Ozy Media soap opera ends in its demise

Ozy Media, exposed years ago for faking its traffic and exposed last week for trying to rope Goldman Sachs into a $40m investment by posing its own co-founder as a YouTube executive on a conference call, is no more.

The abrupt collapse riveted media observers not because Ozy had a large number of loyal readers — that, in the end, was the problem — but because many had wondered how the company had managed to survive. The answer had to do with a charismatic and relentless founder, a great story and a slick brand that was perfectly tuned to appeal to noted Silicon Valley investors and powerful advertising executives.

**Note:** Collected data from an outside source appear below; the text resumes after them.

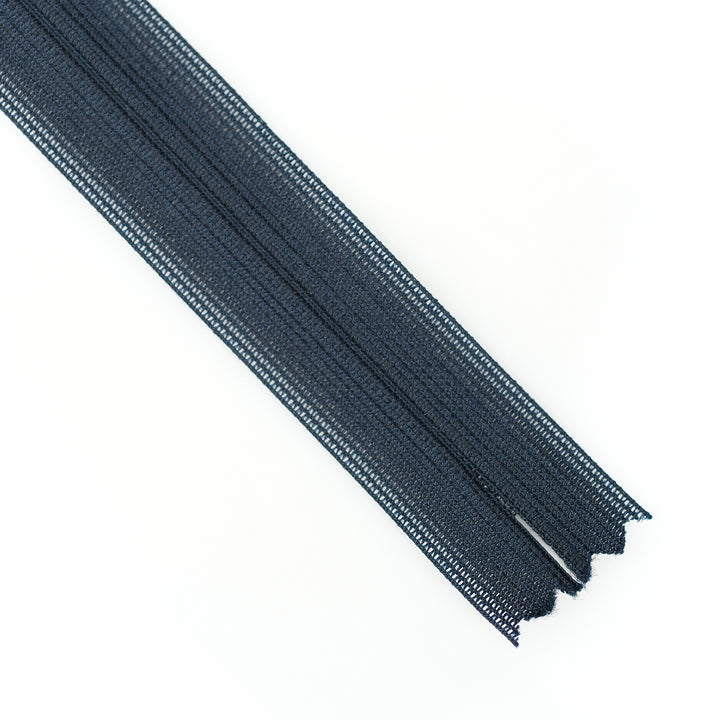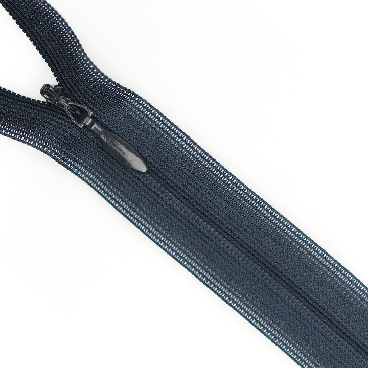 Invisible zip with lightweight mesh tape suitable for skirts, dresses, pants, soft furnishings and other applications where an unobtrusive zip is required. Discreet zip that fits into the seam with only the slim, elongated teardrop slider visible.
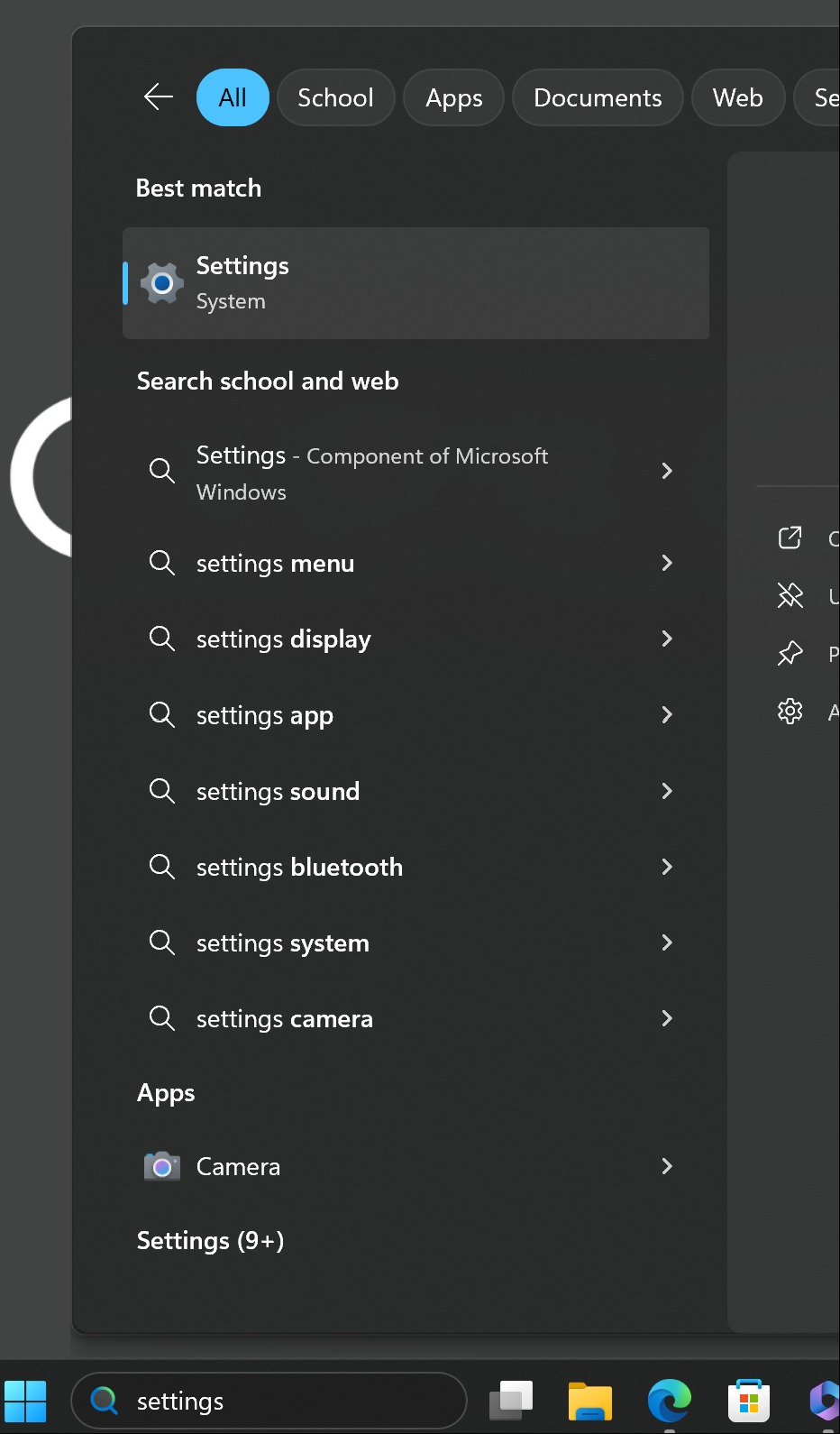 1. Either press the Start button, or type 'Settings' in the search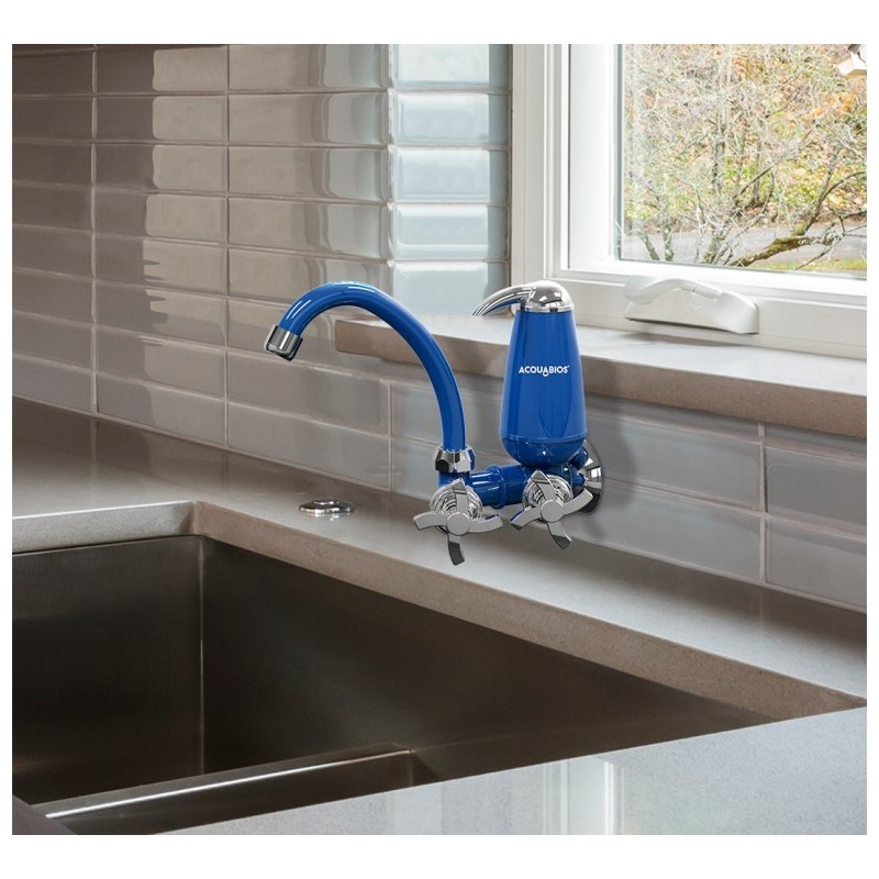 TORNEIRA COM FILTRO PAREDE 1/4 VOLTA BICA MÓVEL QUADRISETA AZUL ACQUABIOS| Local(is) Indicado(s) | Parede |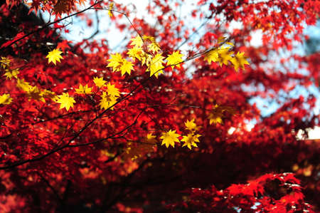 Red maple leaves in autumn season with blue sky blurred background, taken from Japan.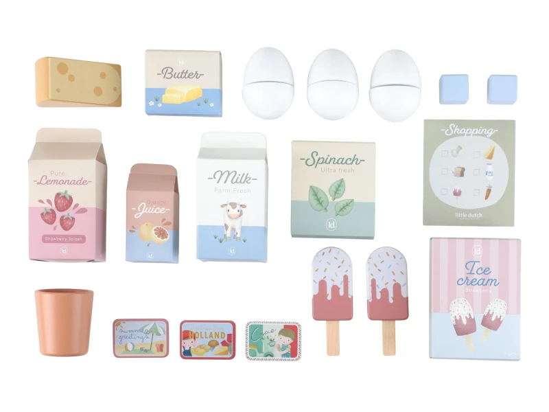 - súčasťou balenia je 19 doplnkov – potraviny, nápoje, vajíčka, ľad, zmrzliny, magnety aj nákupný zoznam,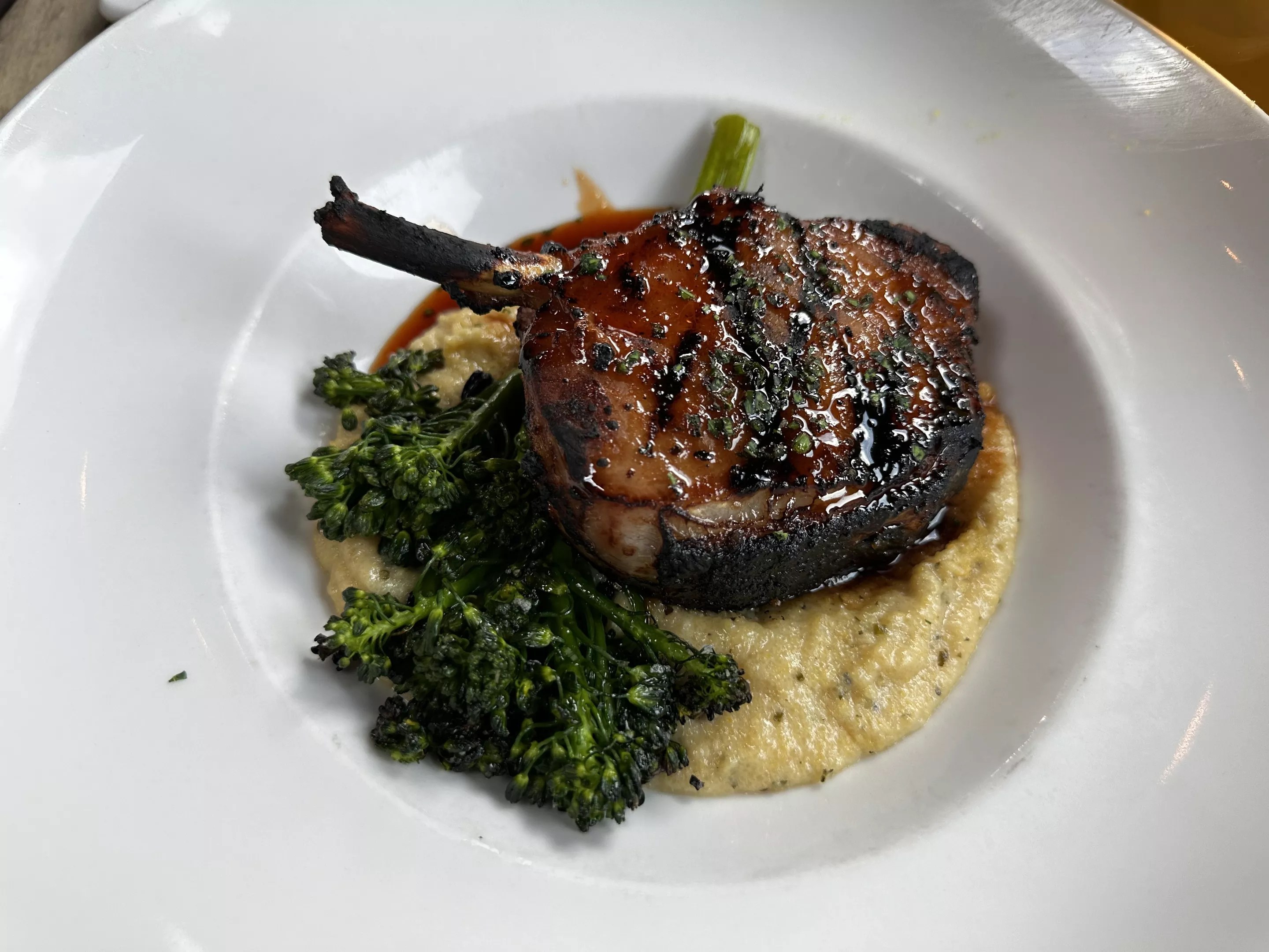 The hot honey sous vide pork chop at Cooper’s on the Creek.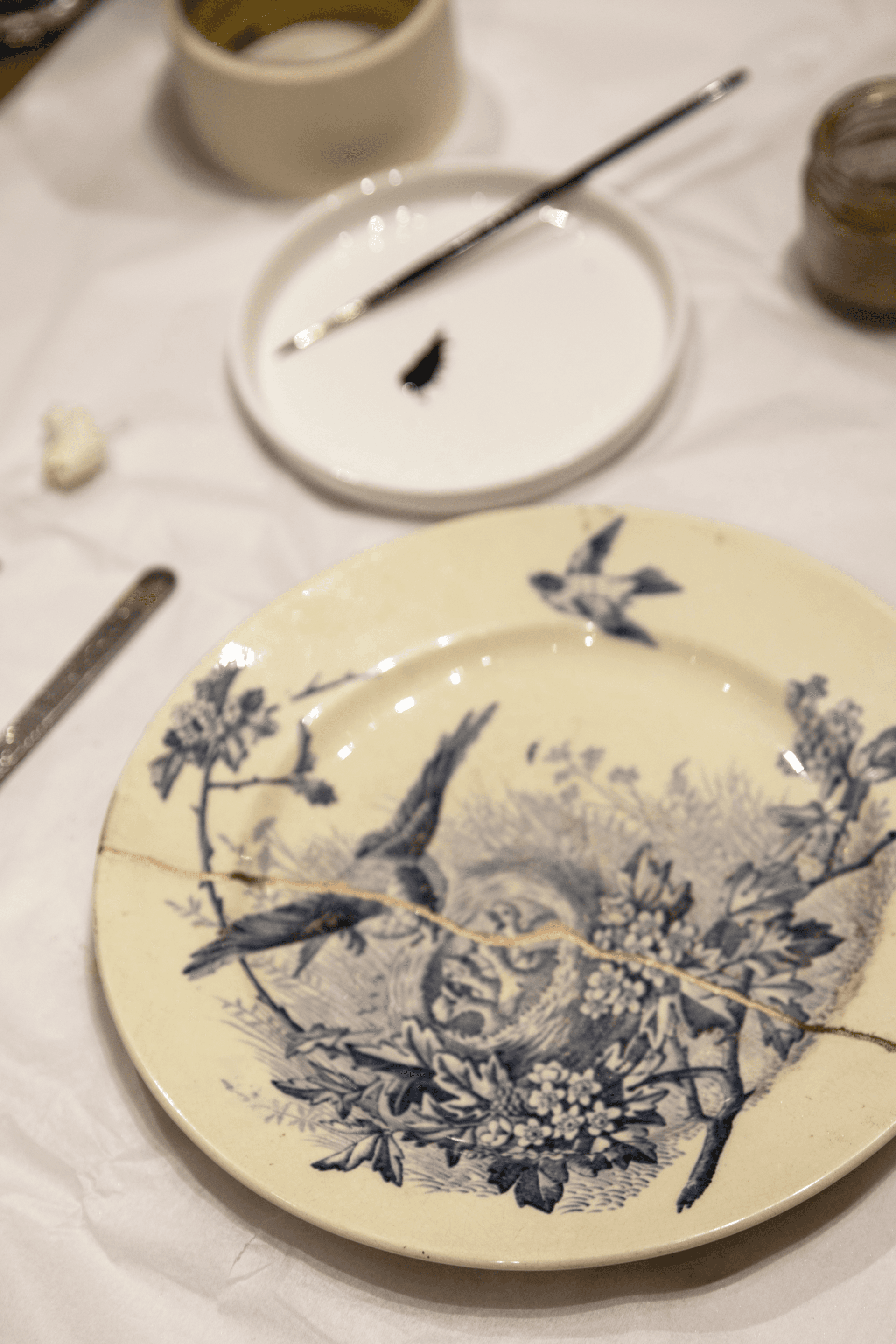 Kintsugi is the Japanese art of repairing broken pottery by mending the areas of breakage with lacquer dusted or mixed with powdered gold, silver or platinum.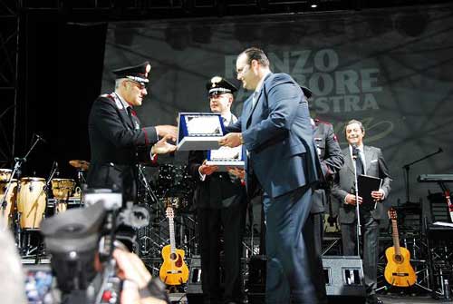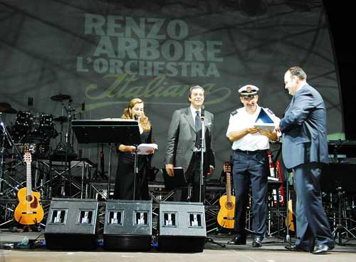 Infine, sul piazzale dell’ex campo sportivo comunale, alle 22, è iniziato il gran concerto di Renzo Arbore e dell’Orchestra italiana, preceduto dalla consegna di targhe al valore ai rappresentanti delle forze dell’ordine, per il loro contributo nel coordinamento e nell’impiego di uomini al servizio della collettività, durante le concitate operazioni di salvataggio dei civili (foto 5-6-7-8, rispettivamente i rappresentanti della Polizia Municipale di Peschici, dei Carabinieri, della Capitaneria di Porto, della Guardia di Finanza premiati dal sindaco Domenico Vecera). Tra i premiati, anche una di quelle famiglie che lo scorso luglio erano qui in vacanza perdendo ogni cosa ma ugualmente è voluta tornare su questi luoghi, tra questa gente, che tanto aiuto le ha dato.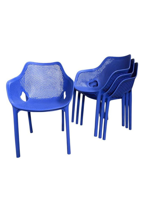 4 Adet Royal Koltuk Bahçe, Balkon ve Cafe Sandalyesi Mavi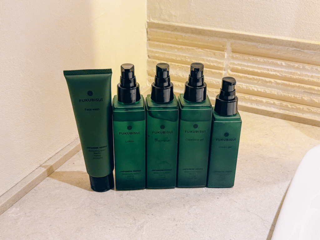 バスアメニティには福美水の「FUKUBISUI matcha」が使用されています。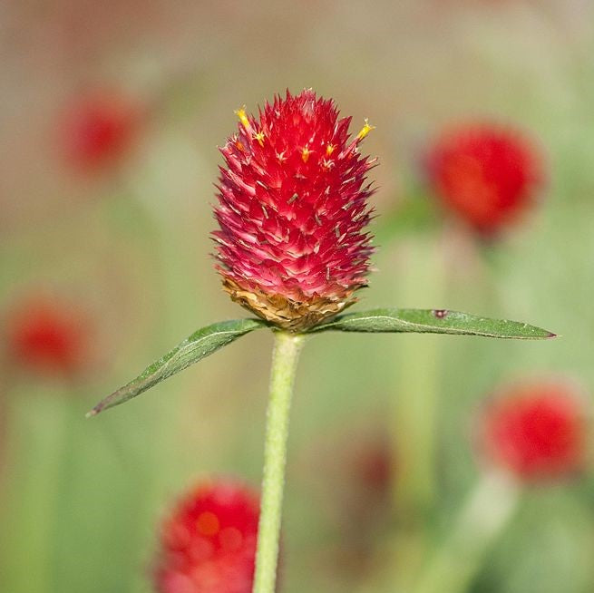 Culture notes: Full sun - 1.5' x 1.5' Globe Amaranth is an annual bedding plant that provides continuous red blooms all summer until first frost. Flower are excellent for both fresh and dried arrangements. Start seeds indoors, several weeks before the last frost or directly outdoors when the temperatures have warmed covering with a 1/4" of soil.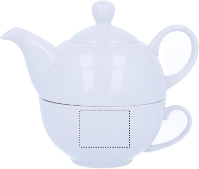 Teesetti sisältää 400 ml teekannun ja valkoisen keraamisen kupin, pakattuna mustaan lahjapakkaukseen. Tampopainatus kestää vain käsinpesun, keraaminen painatus on konepesun kestävä.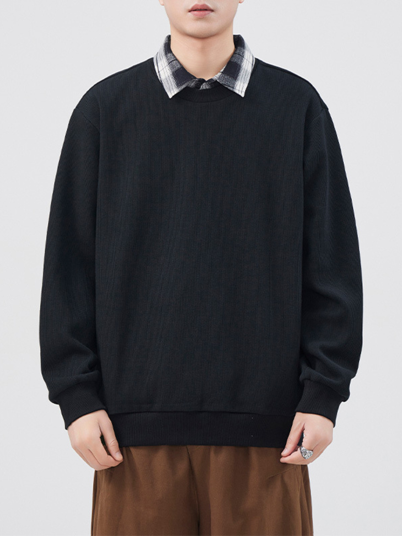 Men's Plus Size Plaid Collar Long Sleeve Sweatshirt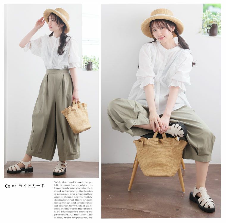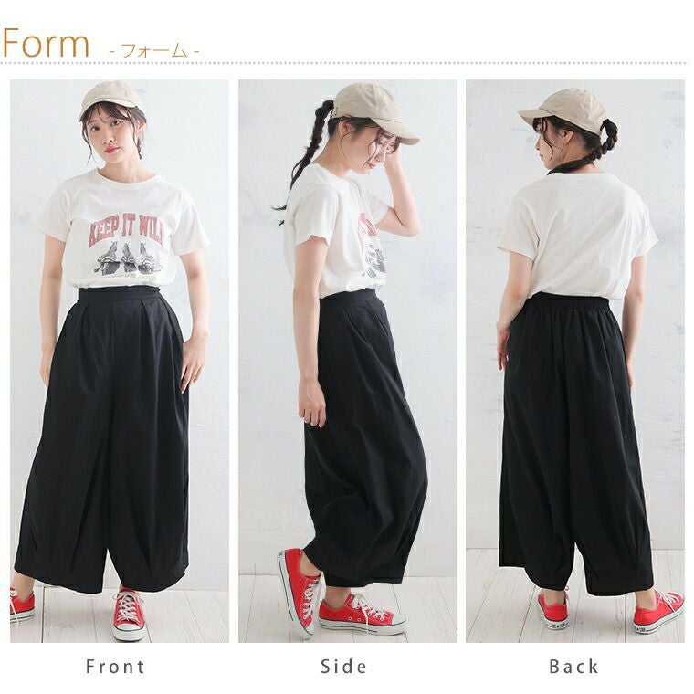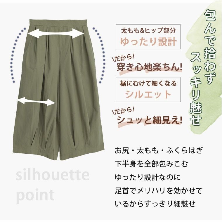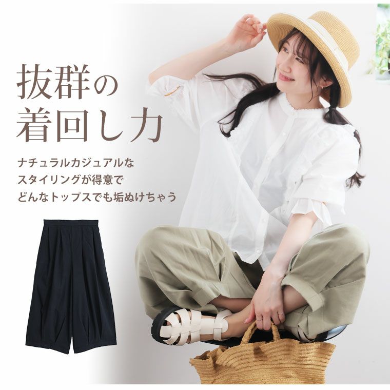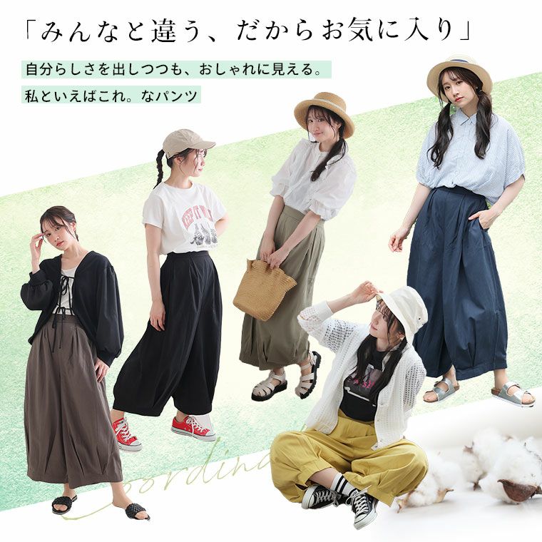 ボトムスには主に、パンツとスカートがあり下半身に着る衣服という意味があります。パンツにはトレンドのワイドパンツの他にチノパンツ、テーパードパンツ、定番のデニムなど様々な種類や素材があり、シーンよって使い分けることが可能です。ハッピーマリリンのボトムスはほとんどがウエストゴム仕様で楽ちんなのにおしゃれに着こなせるのもこだわりの一つです。定番のデニムも体型カバーが叶うハイウエストデニムやトレンドのワイドデニムの他にストレッチが効いたスキニーデニムなども大人気です。パンツだけでなく、デニムスカートも定番アイテムとして使えるアイテムで重宝間違いなしです。スカートはトレンドのプリーツスカートをメンズライクなアイテムで外して合わせるのがおすすめ。甘くなりすぎないコーデが今年顔です。フレアスカートは膝上丈よりも膝下の長め丈がトレンドです。スニーカーなどと合わせて、ほどよくカジュアルに魅せるのが可愛いです。春夏では普段モノトーンが多い方でも明るいカラーに挑戦しやすいので、くすみカラーのアイテムなどから取り入れてみると落ち着いたカラーコーデが楽しめます。また、タイトスカートも縦のラインが強調されるのでスタイルアップ効果は間違いなし。タイトスカートはやっぱり、足元にはヒールがキマリます。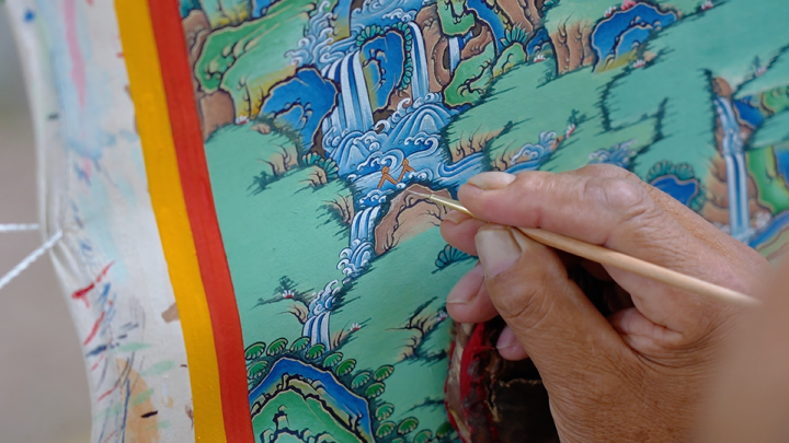 如今,唐卡的使用场景不再限于单一场景,已成为人们传递情感的物件。画师们不断探索描绘对生活、民族、社会有影响的题材,诸如保护环境的生态理念,并更加贴近现代社会的审美需求。

The compant abruptly shut down late Friday, a traditional not-so-weird trick to limit the scope for hostile reportage, but the New York Times' Ben Smith is out for blood. This morning he compares the other Ozy co-founder, Carlos Watson, to Theranos' Elizabeth Holmes, currently on trial on fraud charges.

Want to know how a bunch of seemingly sophisticated people fell for a company that every social media intern in America had questions about? A pitch deck Ozy circulated to potential investors last fall included a graphic featuring the smiling faces of a few high-profile backers: the billionaire philanthropist Laurene Powell Jobs; Marc Lasry, a hedge fund manager and a co-owner of the Milwaukee Bucks basketball team; and Mathias Döpfner, the chief executive of the German publishing giant Axel Springer. Wouldn't you want to join that club?

"I met a traveler from an ancient blog," etc.